I don't have any of my keywords in H[x] Header tags, and neither did two of my competitors. All of us are buried in the listings. My competitors started using header tags (I keep track of my competition very closely), and they moved to the first page. I have done the same thing, and im waiting for the next crawl.
It appears that for MSN you must meet all the basic criteria to be ranked well. No matter how much seo you do, if you miss one item like header tags, you are dead in the water.
For example, when I search for my entire keyword specific title in the search engines, Im number one, but on MSN, im burried on page 18. All the sites that link to me, which has H1 headers, are listed before me.
Im not very impressed. And if this is MSN beta of the new search engine, it should be buried deep, and not the primary method (and only method) of searching on MSN.
Its time for MSN to bring 'Coke Classic' back, until at least their beta release is up to par.
DirectHit became Teoma.
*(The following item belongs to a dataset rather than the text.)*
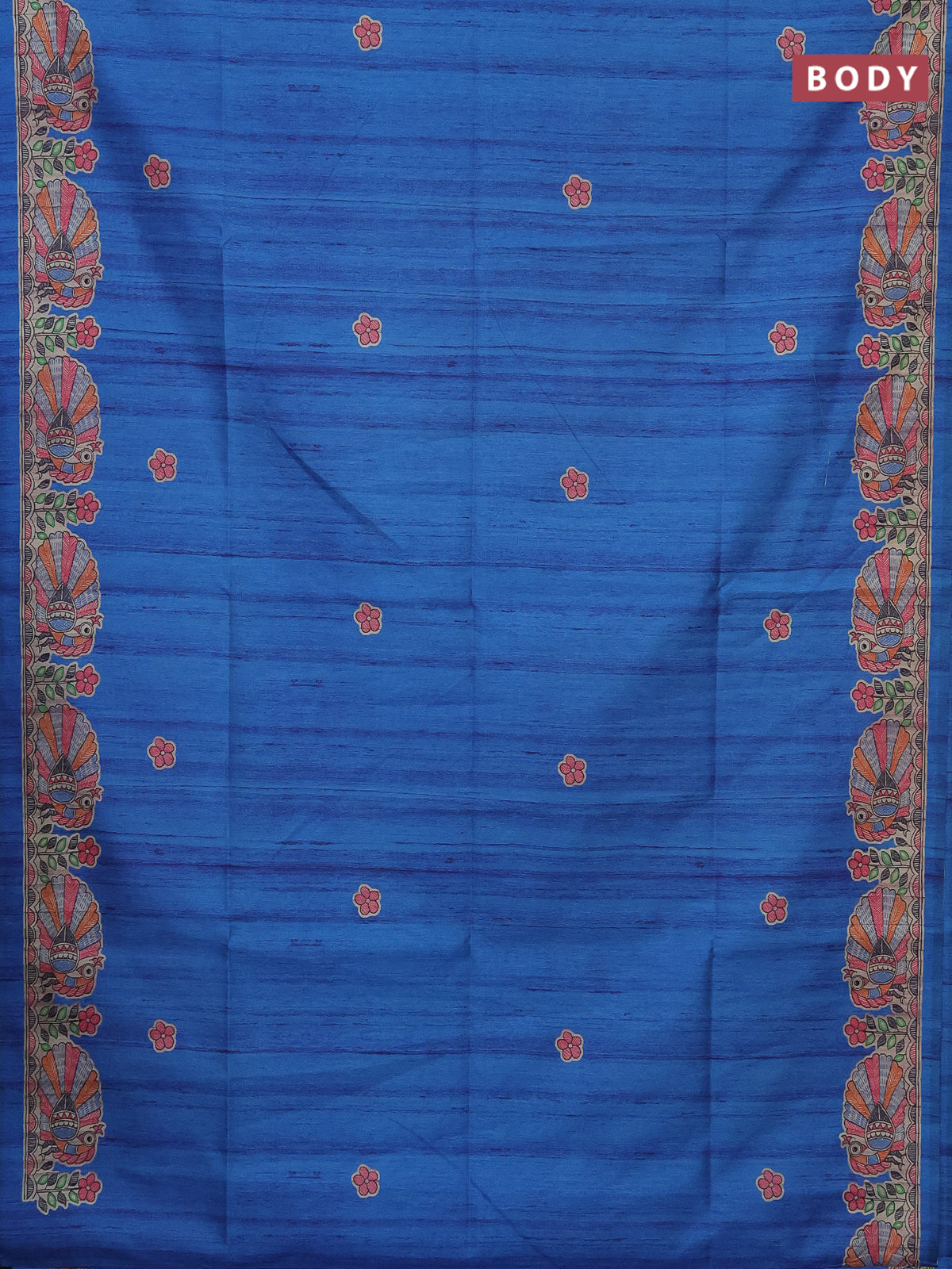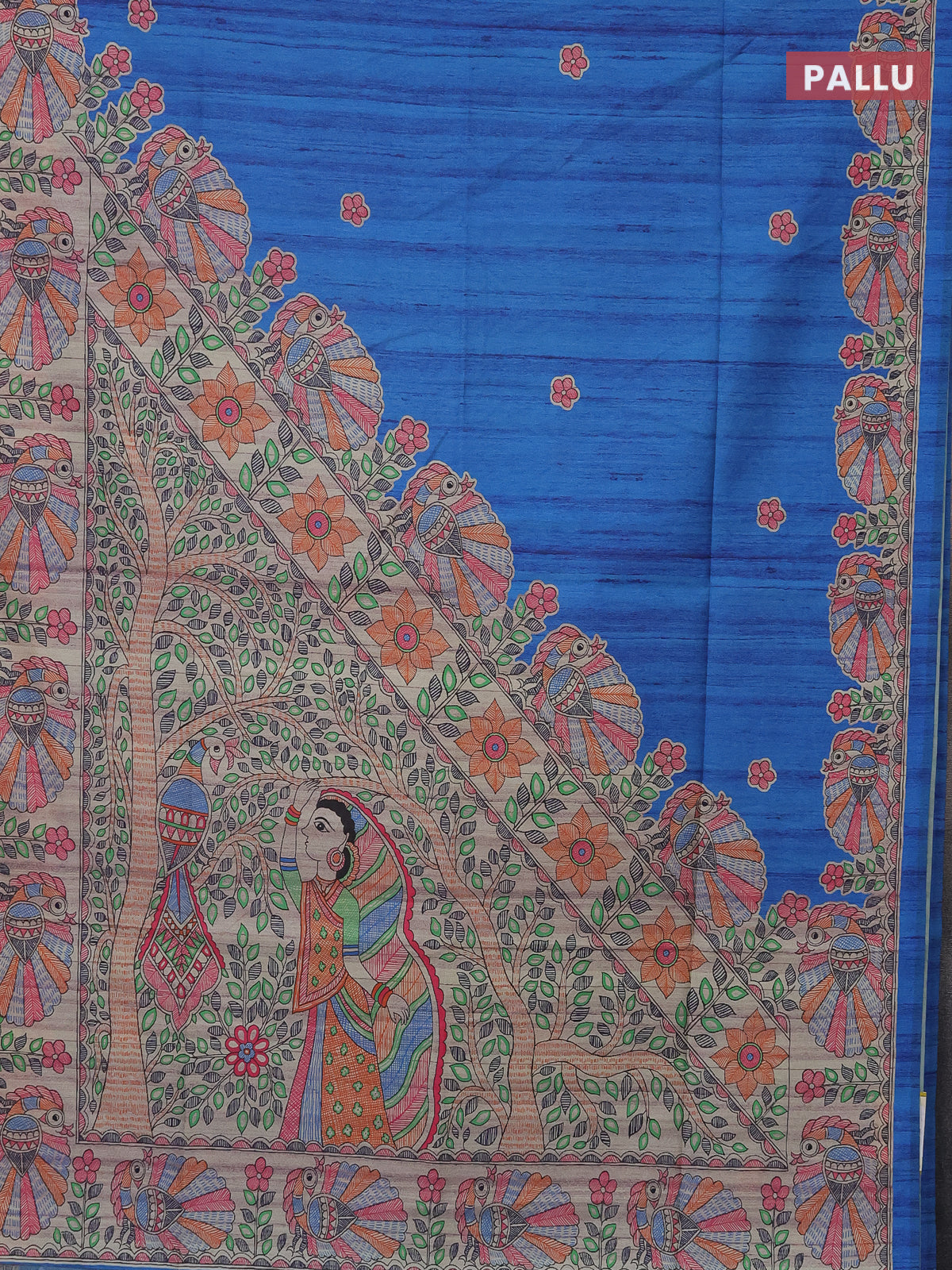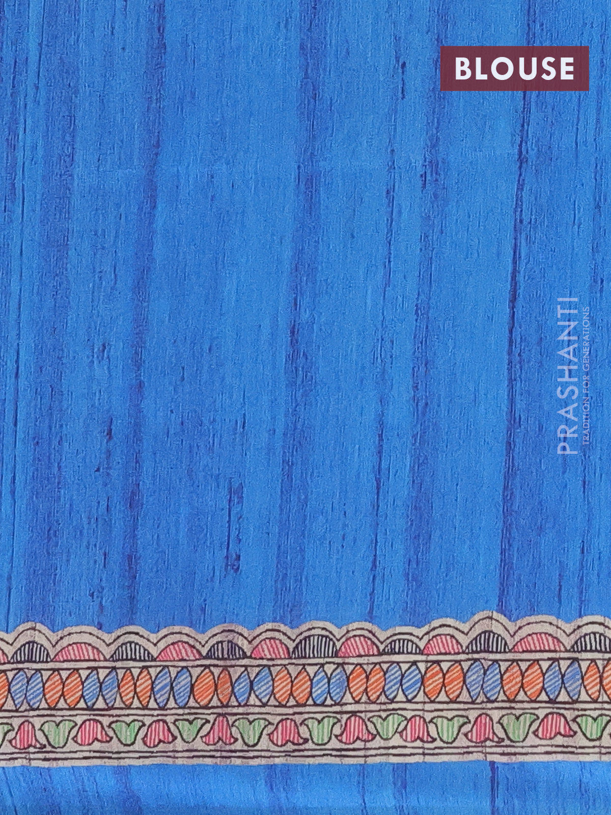 Semi tussar saree cs blue and beige with butta prints and madhubani printed pallu

And for our industry, I find this about the most spam free search engine. I know my competiton, and they are all there on the frontpage, with no 'wanabee's'.
Its to bad that teoma never caught on. Here is another good example of good product-bad marketing syndrome.
New msn is good old pre-florida google that we all loved to bits! At least in many many ways. Old good SEO still works - non-spammy anchors (without that bloody apparent class C or whatever-else-similar-IP filtering by google), h elements, descriptive metas, 7-10% onpage keyword density. Big sites with repeated semantic core throught the site are valued higher as I have noticed. And you know what - they ARE bloody RELEVANT!
At least 80% is anchors though. I ranked my brandnew site in top5 for some very serious floral searches in 2 months just by doing VERY aggessive link building. No spam, very few anchors repeated, max. 4 keywords - worked like hell for me. Must have got me to the life-long sandbox imprisonment though...
But you know what - I couldnt care less now. Being #1 for 2 keyword money phrase in msn now is more or less the same as being #7 or 8 in google now - but the ways or achieving it are not nearly as perverted!
Google if you think I and my business are not as reputable as big mister oldie on top of your SERPs - i am fine with that.
I know that one day Billie integrates msn into the new Office or gives msn search a wider coverage in longhorn by any other ways - just take your time. This will be the end of sandbox worries for most of us.
You hear that greedy google monsters?